As AI continues to dominate the headlines, one word that is consistently cropping up is “transparency” - particularly in relation to the origin of data sets that have been used to train AI systems. Over the last few months, we’ve seen several calls for transparency make their way into legislative discussions around how best to regulate AI, including in the draft EU AI Act (see here), the Bletchley Declaration that was signed on the first day of the UK’s AI Safety Summit last month (see here) and in a recent UK Private Members’ Bill that was introduced into the House of Lords by Lord Holmes of Richmond.
But it’s not just legislative bodies that are considering this. Established corporates are also making their views known, particularly in the US. Last week, the Data & Trust Alliance announced what are believed to be the first cross-industry standards for data provenance. These voluntary standards are designed to help companies understand where, when and how the data they manage was collected or generated, with the aim of providing increased transparency into the origin of datasets that are used in both traditional data and AI applications – a noble intention if ever there was one!
What are the new data provenance standards and what are they to be used for?
Founded in September 2020, the Data & Trust Alliance (“D&TA”) is a not-for-profit consortium of large US corporates and institutions across industries that work together to develop and adopt responsible data and AI practices.
In their latest initiative, experts from 19 companies within the D&TA, including Deloitte, IBM and Nielsen, worked together to create a set of eight proposed “Data Provenance Standards” for use in relation to both traditional data and AI use cases. The eight standards are: lineage, source, legal rights, privacy and protection, generation date, data type, generation method, and intended use and restrictions.
In essence, these standards propose a sophisticated and uniform way of labelling datasets (at the dataset level) by reference to specific metadata tags for each standard. For example, the “source” standard identifies the origin of the dataset (person, organisation, system etc.); the “generation method” standard identifies how the data was produced (e.g. through data mining, web crawling or user-generated content); the “legal rights” standard will identify things like whether any copyright-protected material is present in the dataset; and the “intended use and restrictions” standard will identify any permitted uses and express restrictions on how the dataset may be used.
Whilst labelling data in and of itself is not new, the alliance says that these are the first cross-industry standards of their kind and go beyond the traditional tags that have been used in the past.

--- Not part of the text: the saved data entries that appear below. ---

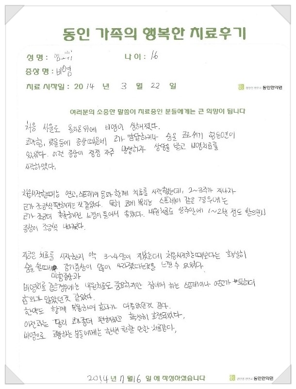 ¿©±â¿¡ ¸Å´Þ ¼ö¸é°Ë»ç¸¦ ÅëÇØ¼ ³ªÀÇ ÄÚ°ñÀÌ, ¹«È£Èí, »ê¼ÒÆ÷ȵµ°¡ ¾ó¸¶³ª º¯È°¡ ÀÖ´ÂÁö¸¦ üũÇϸç Ä¡·á¸¦ ÇÏ½Å´Ù¸é ¸¸Á·½º·¯¿î °á°ú¸¦ º¸½Ç ¼ö ÀÖÀ¸¸®¶ó »ý°¢ÇÕ´Ï´Ù.
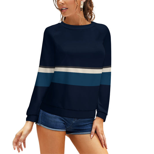 Vampire Art Brown Seventies Stripes Grunge Women's Raglan Sleeves U-Shaped Hem Long Sleeves Blouse
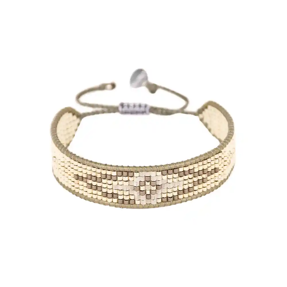 Pulsera artesanal elaborada con delicadas cuentas Miyuki, tejida con hilos resistentes. La combinación de tonos beige, cobre y plateado aporta sofisticación y versatilidad, ideal para cualquier ocasión. Colores: Beige, Copper & Silver Área tejida: ancho 0.6" (1.5 cm) Largo total: 5.1" (13 cm) Un accesorio elegante y único, perfecto para quienes buscan piezas con identidad artesanal y un toque contemporáneo.
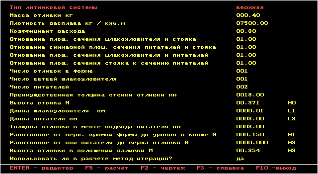 Расчет литниково-питающей системы проводился в программе для расчета литниковых систем, разработанную в институте стали и сплавов.
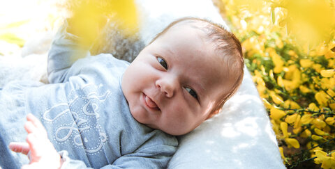 Bei dem großartigen Wetter darf ein Baby Fotoshooting auch mal unter freiem Himmel stattfinden.
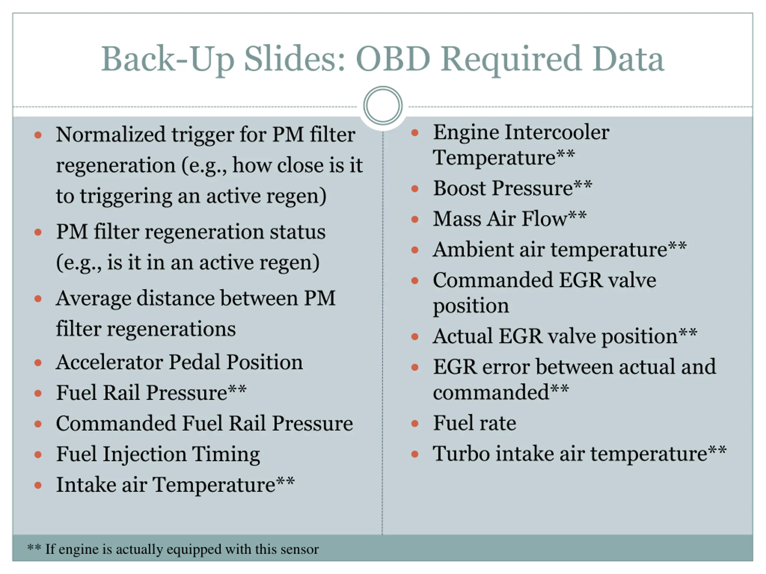 Back-Up Slides: OBD Required Data Engine Intercooler Temperature** Boost Pressure** Mass Air Flow** Ambient air temperature** Commanded EGR valve position Actual EGR valve position** EGR error between actual and commanded** Fuel rate Turbo intake air temperature** Normalized trigger for PM filter regeneration (e.g., how close is it to triggering an active regen) PM filter regeneration status (e.g., is it in an active regen) Average distance between PM filter regenerations Accelerator Pedal Position Fuel Rail Pressure** Commanded Fuel Rail Pressure Fuel Injection Timing Intake air Temperature** ** If engine is actually equipped with this sensor
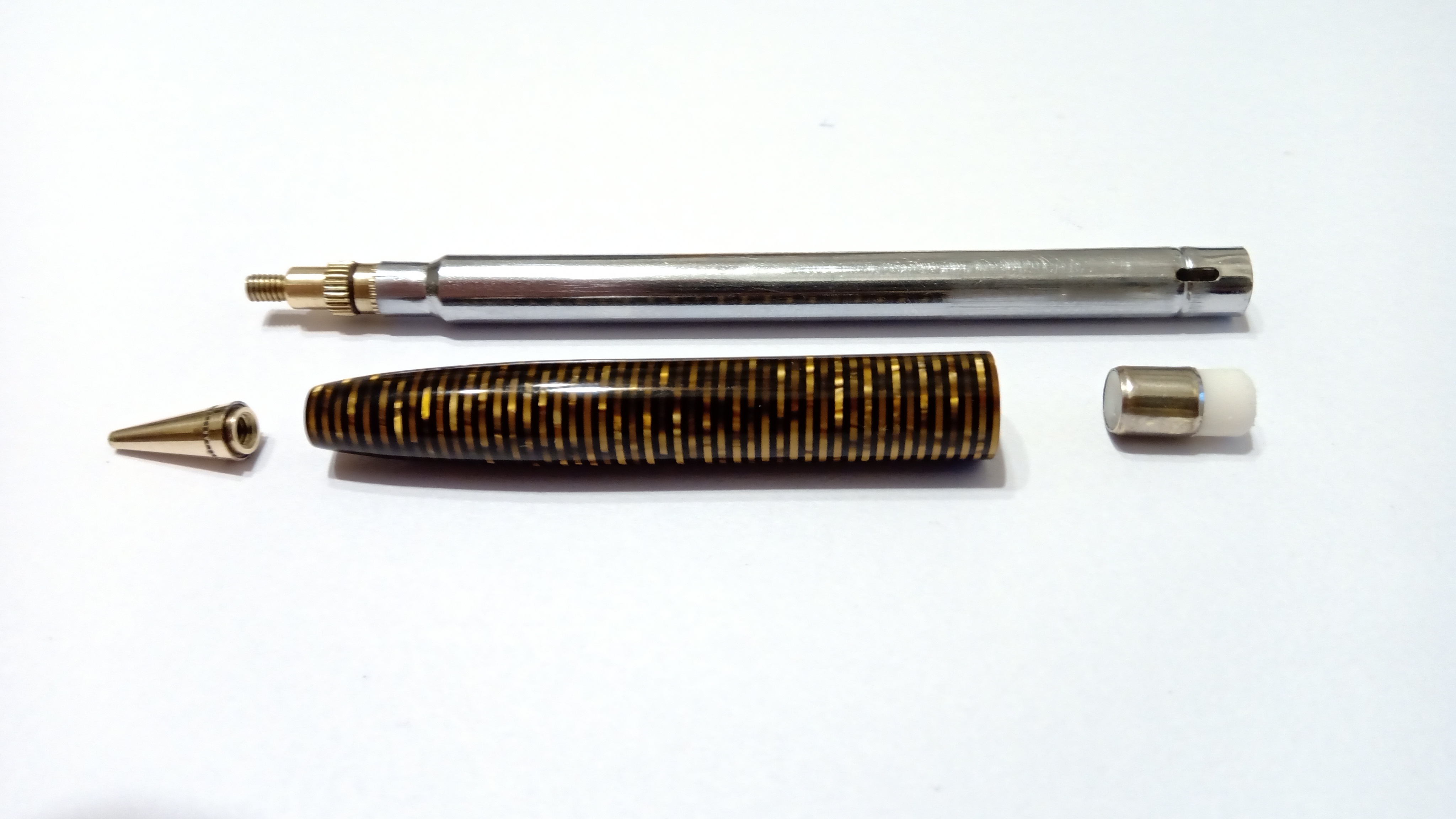 Poi è arrivata l'opportunità di acquistare un portamine appartenente alla stessa famiglia e con le stesse caratteristiche della stilografica, che, risparmiando il problema della parte interna e di alcune parti mancanti, poteva essere ricondizionata per completare il set.
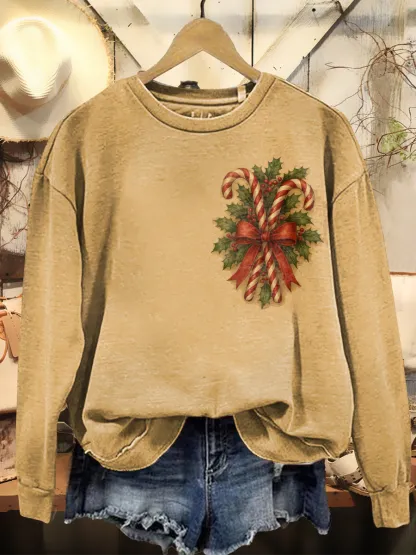 Women's Retro Christmas Art Print Casual Long Sleeve Crew Neck Sweatshirt
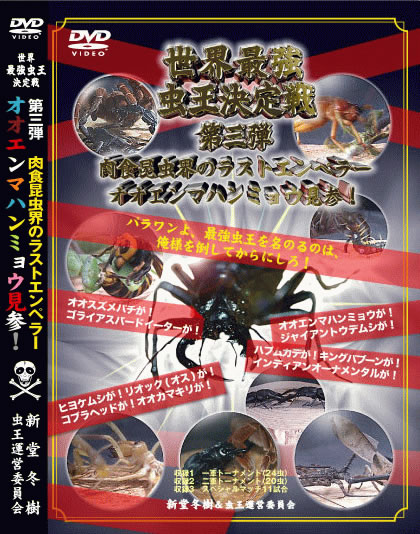 日記 【世界最強虫王決定戦第三弾】裏DVD鑑賞会!【ここクリック!】Windows Media Video視聴期限:無期限サイズ:2049.67MB価格:3980円(税込)格闘技:昆虫視聴期間:無制限収録時間:170分画質:高画質(2M)出場選虫:バヌアツオオムカデ、デスストーカー スコーピオン、ヒヨケムシ、オオカマキリ、スズメバチ、ジャイアントマレーシアカマキリ、タイランドブラック、ベトナムオオムカデ、アルキデスオオヒラタクワガタ短歯、パラワンオオヒラタクワガタ、スマトラオオヒラタクワガタ、シャイニーバロー、オオエンマハンミュウ、ジャイアントデスストーカー、キングバブーン、ハブムカデ、ゴライアスバードイーター、インデアンオーナメンタル、デザートヘアリー、ジャイアントオレンジデスストーカー、ハラビロカマキリ、ビルマブラウン
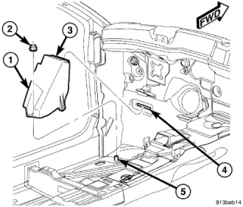 6. Reinstall the trim onto the driver side lower cowl side inner panel. Cowl Trim - Installation.

The standards are helpfully accompanied by a set of use cases and scenarios highlighting the sorts of decisions that the standards can help to answer (and what they can’t). From these, it is clear that they can help businesses answer questions such as whether to acquire a particular dataset (e.g. for use in predictive AI modelling) and whether that dataset is appropriate for their intended purposes. And, more generally, they can be used to help identify other risks and benefits of a particular dataset, such as whether the data is structured or unstructured and how many sources were used. However, whilst it’s clear that the standards can be used in many different scenarios, the D&TA have expressly highlighted that it may be challenging to apply them effectively to “large language models that are trained on vast amounts of public data sourced from diverse locations on the internet”.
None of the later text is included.